Is It Too Late to Buy NVIDIA?

Graphics chip giant NVIDIA has enjoyed a remarkable rally over the past year thanks to the hype around artificial intelligence and its explosive Q4 results but can the stock maintain its momentum, or is a sharp pullback inevitable? 

Labeled as “the most important stock on planet Earth” by Goldman Sachs following NVIDIA’s (NASDAQ:NVDA) Q4 results, shareholders have ridden a skyrocketing rally over the past several months. The company’s integral role in the AI boom made investors consider the stock a must-buy to capitalize on the enormous prospects of AI.

NVIDIA’s shares have returned almost 300% over the past year, making shareholders considerably more wealthy.

Moreover, the stock added more than $1 trillion in market value within the first quarter of this year, gaining more than 80% year-to-date.

With a market capitalization of $2.27 trillion, NVIDIA currently ranks higher than Google parent Alphabet Inc. (NASDAQ:GOOGL).

Rising demand for its GPUs amid companies trying to enhance their AI capabilities has brought NVIDIA into focus. The company’s innovative and powerful graphics processing units (GPUs) are preferred for training and running Large Language Models (LLMs), which most generative AI tools are built on. 

Is NVIDIA Poised to Maintain Its Market Dominance?

CEO Jensen Huang’s firm has constant innovation in its DNA and its next-generation capabilities helped it to become one of the top companies driving the AI revolution.

The GPU market is expected to be worth $70.9 billion this year and grow at a CAGR of 32.2% to reach $1.16 trillion by 2034

The AI GPU market is dominated by Nvidia with approximately 80% share. The company is expected to sell between 1.5 million to 2 million AI GPUs this year.

While other chipmakers are making significant progress to grab the AI GPU market share, NVIDIA is well positioned to hold the lion’s share for the foreseeable future, thanks to its ability to forecast and execute on next-generation trends.

Do NVIDIA’s Financials Justify Its Performance?

For the fiscal fourth quarter ended January 28, 2024, NVIDIA’s revenue increased by 265% year-over-year to a record $22.1 billion, beating its own guidance of $20 billion.

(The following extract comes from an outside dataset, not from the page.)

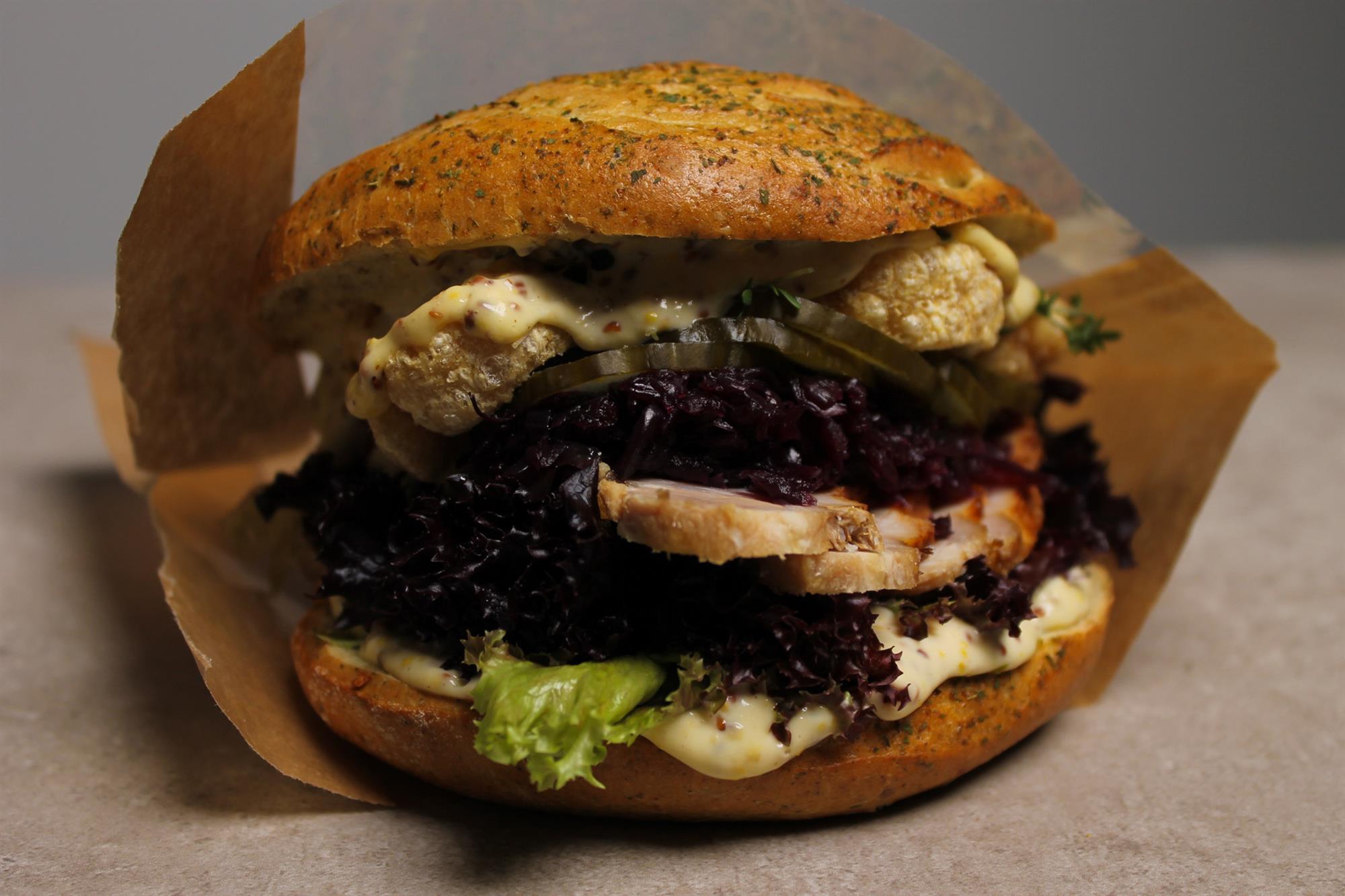 MM bolle med krydderurter Sennepscreme Crisp salat TP kam i skiver Rødkål og hj.syltede agurker Flæskesvær Krydderurtesalat

Also, the company’s full-year revenue came in at $60.9 billion, up 126% year-over-year.

NVIDIA has been benefitting from the demand for AI chips and GPUs across enterprises. Its non-GAAP EPS came in at $5.16, marking a 486% increase from the year-ago period.

Moreover, management reported record Data Center revenue of $18.4 billion, representing 409% growth from the year-ago quarter. They attribute this growth to the NVIDIA Hopper GPU computing platform and InfiniBand end-to-end networking.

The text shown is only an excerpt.